CREATING CUSTOM DICTIONARIES

Obviously, you can use the foregoing procedure to create any number of
custom dictionaries (scientific word lists, lists of foreign words,
computer terms, etc.) for use with the SPELLF program. All you need to
do is supply the name of a file containing a list of scientific terms
(or whatever) on the command line:


SPELLF NEWWORDS.TXT -a [Enter]


In this case, the vocabulary of NEWWORDS.TXT will be added to $.DIC.
(Once again: If $.DIC did not already exist in the current working
directory, it will be created. If it exists, it will be updated.) The
filename does not have to have a .TXT extension; this is merely an
example. Any extension is permissible. (Caution: If you accidentally
supply the name of a spreadsheet or other non-text file, you stand a
chance of corrupting your existing $.DIC file. Always keep a "good"
copy of $.DIC on a backup disk somewhere.)

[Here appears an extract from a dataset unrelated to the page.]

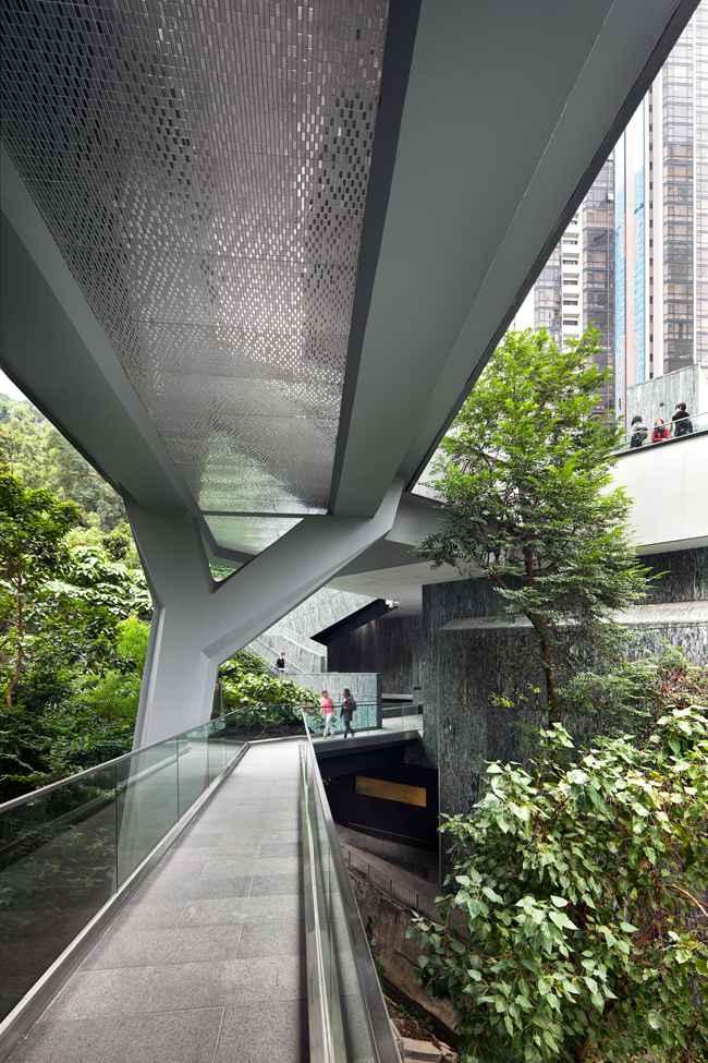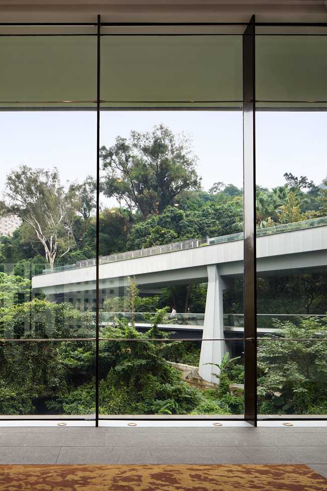 一条双层的人行天桥将栋下半区的场馆和上半区的古迹建筑连接在了一起。这也象征着亚洲协会的使命,加强东方和西方之间的联系,并保护濒临灭绝的野生动物栖息地,这座天桥蜿蜒曲折,穿过丛林,连接着新与旧。该中心将一个杂草丛生,废弃的场地转换成了一个动态的,活跃的场所。它以一个水平的建筑形态立足在香港这片鳞次栉比的高楼大厦中间。

Note that SPELLF is not merely an English-language spellchecker. If
you happen to have a French word list on disk, you can use it to
create a French-language version of $.DIC, and hence a French-language
spellchecker. The copy of $.DIC that comes bundled with SPELLF happens
to contain 20,000 English words. It could just as easily contain
French, Spanish, German, or Italian words, etc.





SPELLCHECKING

To spellcheck a text file, just type SPELLF at the DOS prompt and
supply the name of the text file you wish to examine. Then hit Enter.
Example:


SPELLF {filename} [Enter]



If you type SPELLF DRAFT.DOC [Enter], the file DRAFT.DOC will be
rigorously spell-checked using the words contained in $.DIC. (Remember
that SPELLF expects the file $.DIC to be in the same directory as
DRAFT.DOC.) A complete list of suspect words and their line locations
will be printed to the screen. If you want, the list of suspect words
can show up in a separate disk file, or be printed out on your
printer. This is called redirection.

To redirect the output of SPELLF to a brand-new file called BADWORDS,
simply type:



SPELLF DRAFT.DOC > BADWORDS [Enter]



During program execution, in this case, nothing will happen on the
screen (but the disk will be active). When the DOS prompt returns, you
should see that there is a new file, BADWORDS, in your current
directory. You can look at this file with the DOS command TYPE, or use
your favorite word processor to open it.

Note that SPELLF operates much faster when redirection to a file is
used. That's because the process of displaying output on the screen
(in SPELLF's default mode) is inherently slow -- slower, at least,
than SPELLF's file I/O operations.

You may wish, occasionally, to redirect output to your printer. Again,
you can use DOS to do this:



SPELLF DRAFT.DOC > PRN [Enter]


This causes the file DRAFT.DOC to be spellchecked and the suspect
words to appear at the printer, rather than at the screen.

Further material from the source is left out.